• [THE PROBLEM] Nothing in the records may be altered, and no picture may be included. Restate them in full.

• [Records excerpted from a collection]
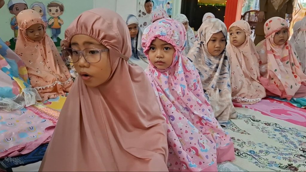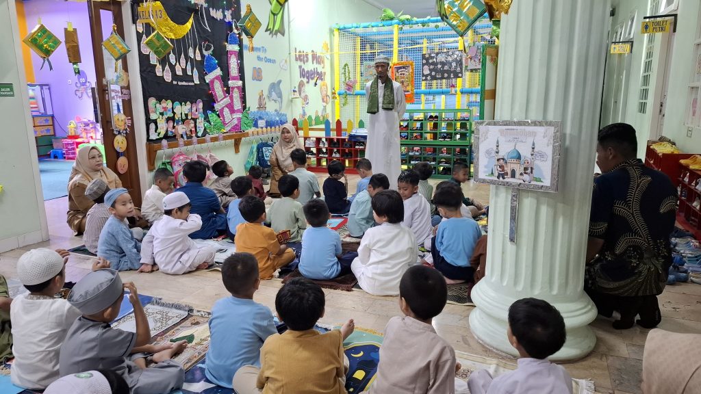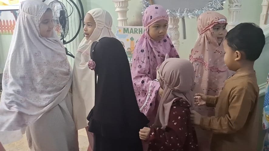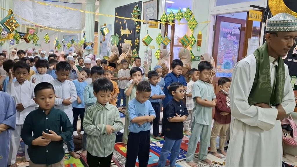 Lafazh takbir berkumandang.. hari terakhir ramadhan di sekolah anak sholeh dan sholeha. Dengan menggunakan baju muslim terbaik anak-anak setelah ikrar berkumpul menuju koridor dengan membawa mukena dan sajadah. Alhamdulillah cuaca cerah. Bapak Hidayatturrahman sebagai imam praktek sholat Idul Fitri. Seluruh anak-anak mengikuti gerakan imam melaksanakan praktek sholat Ied, mendengarkan khutbah dan bersalaman-salaman.
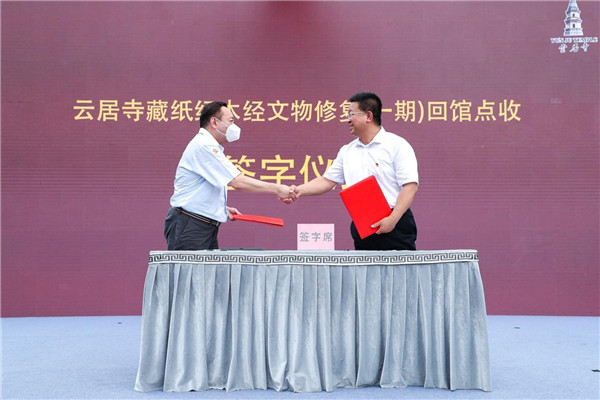 司徒廟為江蘇省級文保單位。廟內(nèi)藏有《楞嚴經(jīng)》《金剛經(jīng)》兩部石刻。其中《楞嚴經(jīng)》與房山石經(jīng)淵源極深。經(jīng)文刊刻于明朝崇禎年間(1628—1637),由吳門章懋德鐫刻,全文6萬余字,共分10卷,刻于84方青石之上,迄今已有340余年。據(jù)明代魏肇魯為《楞嚴經(jīng)》石刻所做題跋可知,該石刻原本要送藏房山云居寺,因明末清兵入關(guān),無法運送,便將石刻藏到獅林寺內(nèi),后移置司徒廟保存。這段記載有力證明了這宗《楞嚴經(jīng)》石刻也是房山石經(jīng)明代刻經(jīng)的重要組成部分,不僅續(xù)寫了綿延千載的刻經(jīng)史,更為深入研究房山石經(jīng)提供了新的思路和方向。 二、展文化,第一階段珍貴文物修復工作圓滿收官。 云居寺珍藏著3萬余件珍貴館藏文物,包括22000余卷明代紙經(jīng)、7000余塊清代龍藏木經(jīng),與14278塊房山石經(jīng)并稱為云居寺“三絕”。
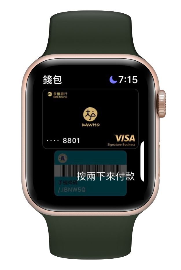 Apple Watch 錶面上也有「錢包」的選項,打開後同樣點選想要查找的信用卡就會顯示出來(不過這邊因為我沒有用 Apple Watch 使用過,所以就沒有相關紀錄)。
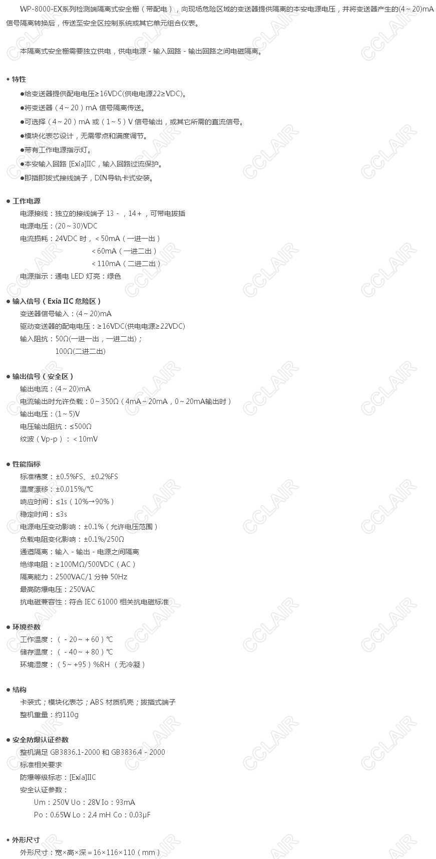 WP-8047-EX,WP-8035-EX,WP-8036-EX,檢測端隔離式安全柵(帶配電)
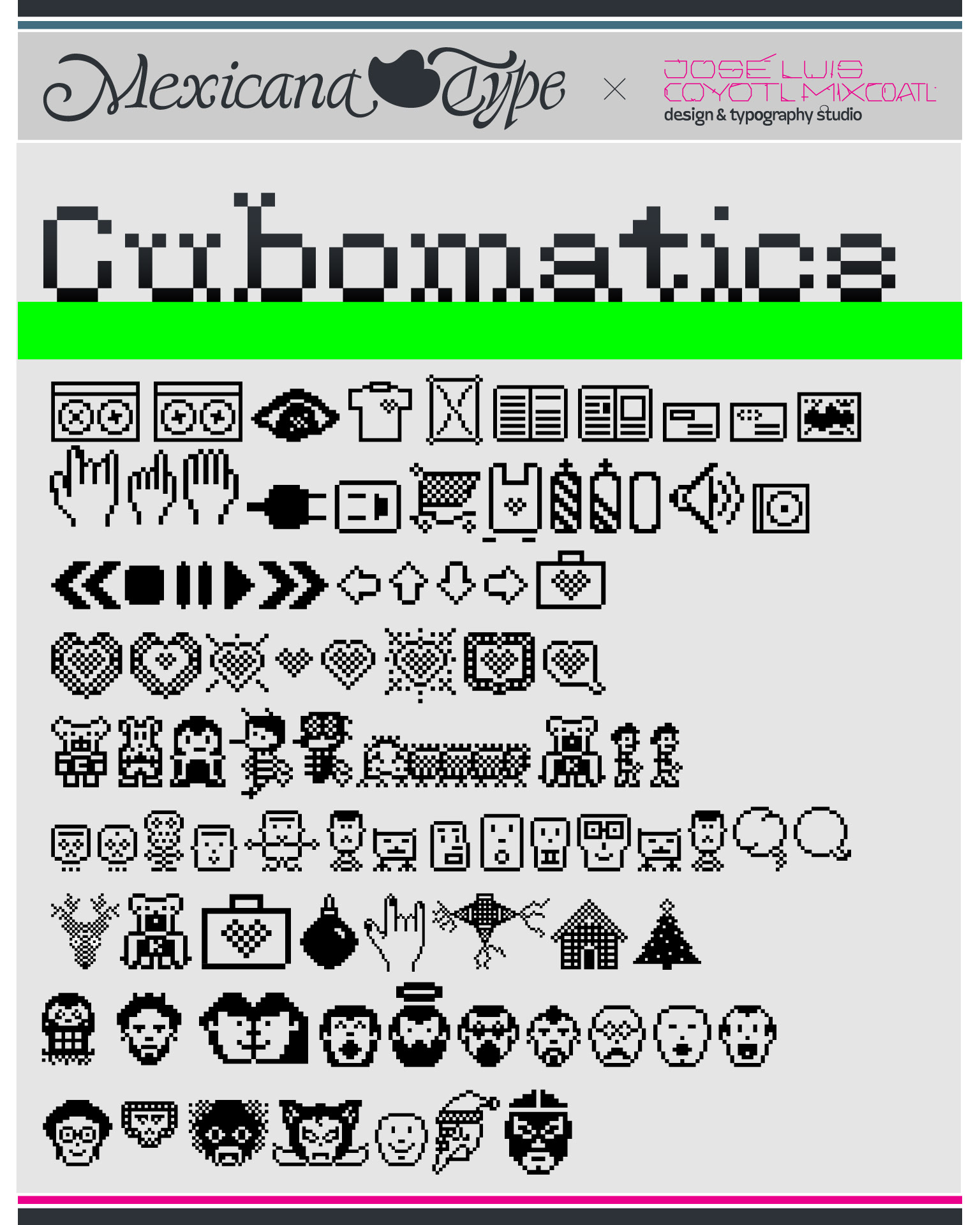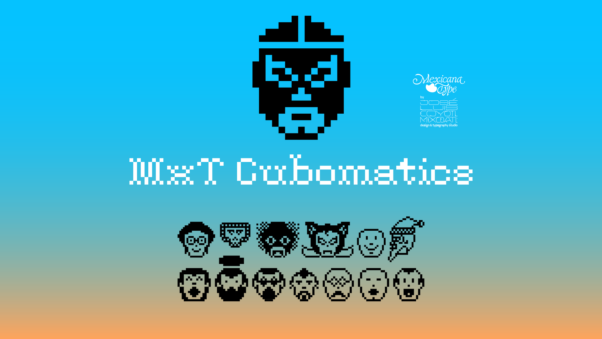 MxT Cubomatics fue una colección de íconos diseñados para la interface de mi sitio de internet y mi marca personal a mediados de la primera década del 2000, con la intención de tener una serie de elementos con una estética de 8 bits monocromática, tanto para íconos de secciones del sitio, cursores y otros elementos de uso promocional para materiales impresos, permitiendo un uso muy lúdico al ser de uso personal.
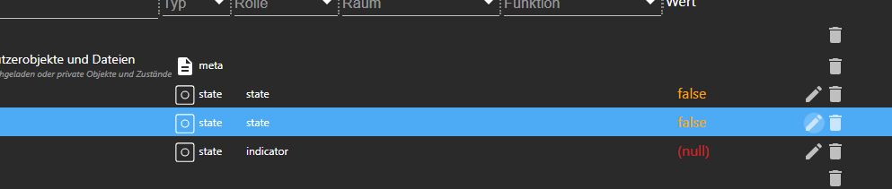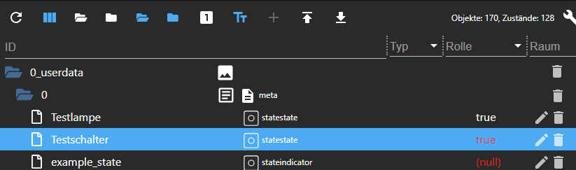 Bei größeren Installationen, wo die Schaltzustände durchaus längere Pfade und Namen haben können, können wir uns den Pfad auch einfach rauskopieren. Geht hierzu auf das Stiftsymbol hinten in der Zeile des entsprechenden Schaltzustandes.
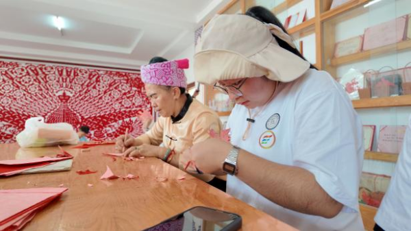 剪纸不仅仅是技艺的展现,更是情感的寄托和文化的传承。在户么村手艺人指导下,实践团成员们认真学习如何握剪、如何构思、如何下剪。“咔嚓、咔嚓……”随着剪刀在红纸上的灵活游走,一幅幅精美的剪纸作品逐渐展现在大家眼前。
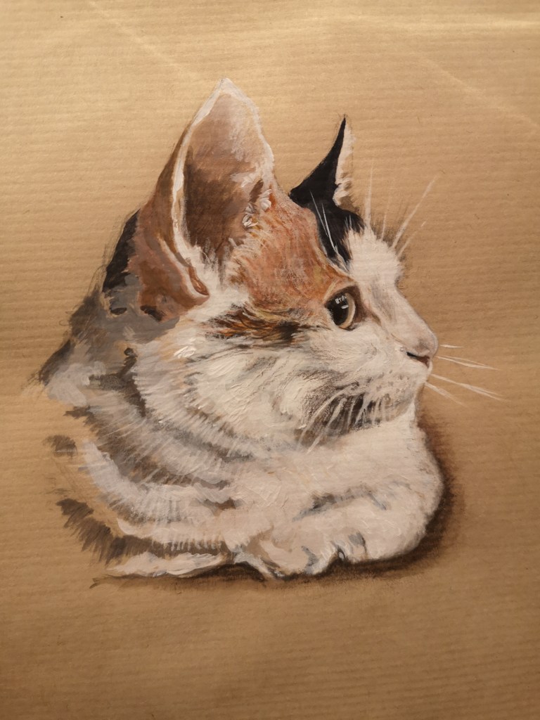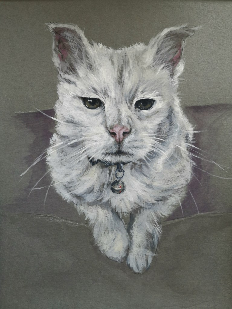 Gibson Cat, Mixed media acrylic & conte on paper. 10″ x 10″Lucy, Acrylic on board 12″ x 16″Buster, Acrylic on Canvas 16″ x 20″Ted, Oil on Canvas 16″ x 20″
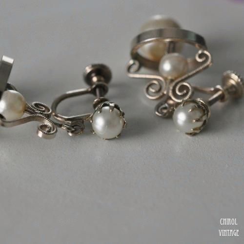 耳たぶ部分には、クロウセットでパールがひと粒。
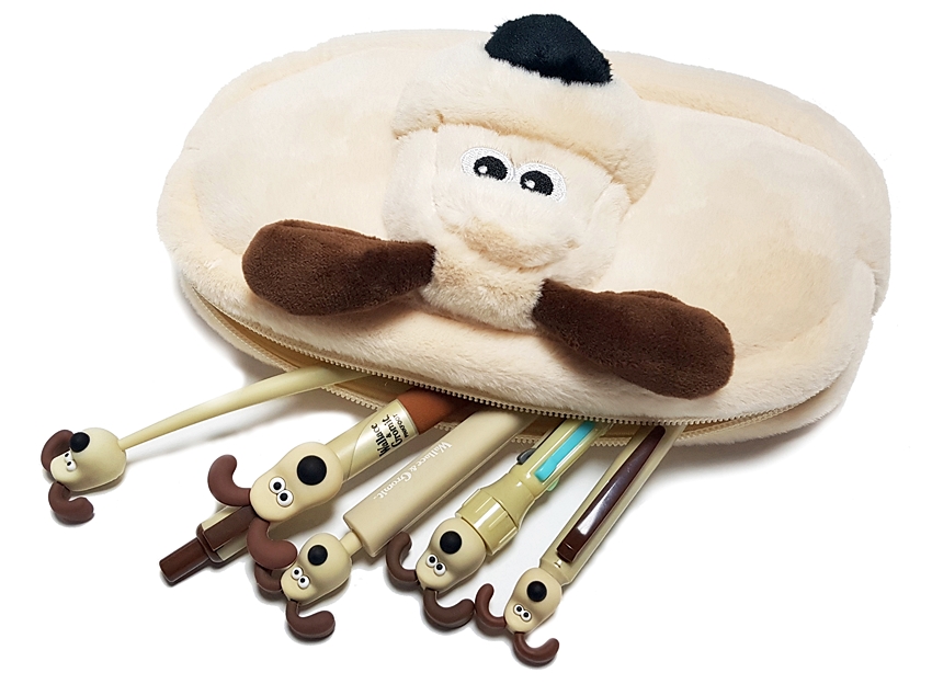 월레스와 그로밋 - 그로밋 사각 파우치 속에 담은, 여러 모양의 그로밋 피규어 볼펜과 샤프:
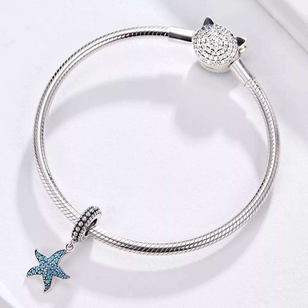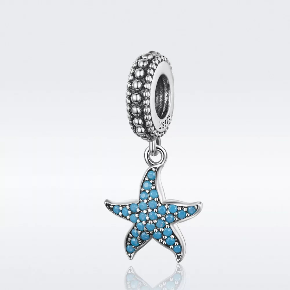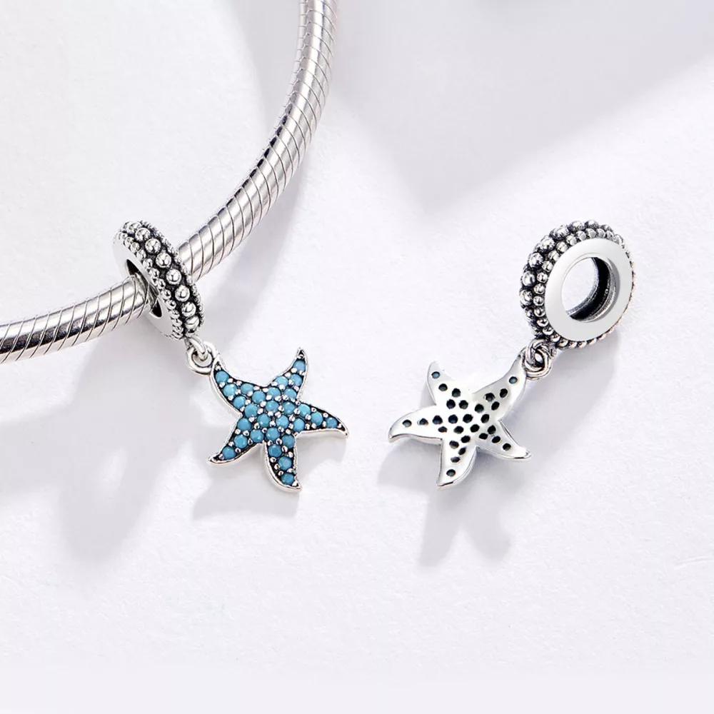 Ezüst kék tengeri csillag függő charm

• [SOLUTION]
 Lafazh takbir berkumandang.. hari terakhir ramadhan di sekolah anak sholeh dan sholeha. Dengan menggunakan baju muslim terbaik anak-anak setelah ikrar berkumpul menuju koridor dengan membawa mukena dan sajadah. Alhamdulillah cuaca cerah. Bapak Hidayatturrahman sebagai imam praktek sholat Idul Fitri. Seluruh anak-anak mengikuti gerakan imam melaksanakan praktek sholat Ied, mendengarkan khutbah dan bersalaman-salaman.
 司徒廟為江蘇省級文保單位。廟內(nèi)藏有《楞嚴經(jīng)》《金剛經(jīng)》兩部石刻。其中《楞嚴經(jīng)》與房山石經(jīng)淵源極深。經(jīng)文刊刻于明朝崇禎年間(1628—1637),由吳門章懋德鐫刻,全文6萬余字,共分10卷,刻于84方青石之上,迄今已有340余年。據(jù)明代魏肇魯為《楞嚴經(jīng)》石刻所做題跋可知,該石刻原本要送藏房山云居寺,因明末清兵入關(guān),無法運送,便將石刻藏到獅林寺內(nèi),后移置司徒廟保存。這段記載有力證明了這宗《楞嚴經(jīng)》石刻也是房山石經(jīng)明代刻經(jīng)的重要組成部分,不僅續(xù)寫了綿延千載的刻經(jīng)史,更為深入研究房山石經(jīng)提供了新的思路和方向。 二、展文化,第一階段珍貴文物修復工作圓滿收官。 云居寺珍藏著3萬余件珍貴館藏文物,包括22000余卷明代紙經(jīng)、7000余塊清代龍藏木經(jīng),與14278塊房山石經(jīng)并稱為云居寺“三絕”。
 Apple Watch 錶面上也有「錢包」的選項,打開後同樣點選想要查找的信用卡就會顯示出來(不過這邊因為我沒有用 Apple Watch 使用過,所以就沒有相關紀錄)。
 WP-8047-EX,WP-8035-EX,WP-8036-EX,檢測端隔離式安全柵(帶配電)
 MxT Cubomatics fue una colección de íconos diseñados para la interface de mi sitio de internet y mi marca personal a mediados de la primera década del 2000, con la intención de tener una serie de elementos con una estética de 8 bits monocromática, tanto para íconos de secciones del sitio, cursores y otros elementos de uso promocional para materiales impresos, permitiendo un uso muy lúdico al ser de uso personal.
 Bei größeren Installationen, wo die Schaltzustände durchaus längere Pfade und Namen haben können, können wir uns den Pfad auch einfach rauskopieren. Geht hierzu auf das Stiftsymbol hinten in der Zeile des entsprechenden Schaltzustandes.
 剪纸不仅仅是技艺的展现,更是情感的寄托和文化的传承。在户么村手艺人指导下,实践团成员们认真学习如何握剪、如何构思、如何下剪。“咔嚓、咔嚓……”随着剪刀在红纸上的灵活游走,一幅幅精美的剪纸作品逐渐展现在大家眼前。
 Gibson Cat, Mixed media acrylic & conte on paper. 10″ x 10″Lucy, Acrylic on board 12″ x 16″Buster, Acrylic on Canvas 16″ x 20″Ted, Oil on Canvas 16″ x 20″
 耳たぶ部分には、クロウセットでパールがひと粒。
 월레스와 그로밋 - 그로밋 사각 파우치 속에 담은, 여러 모양의 그로밋 피규어 볼펜과 샤프:
 Ezüst kék tengeri csillag függő charm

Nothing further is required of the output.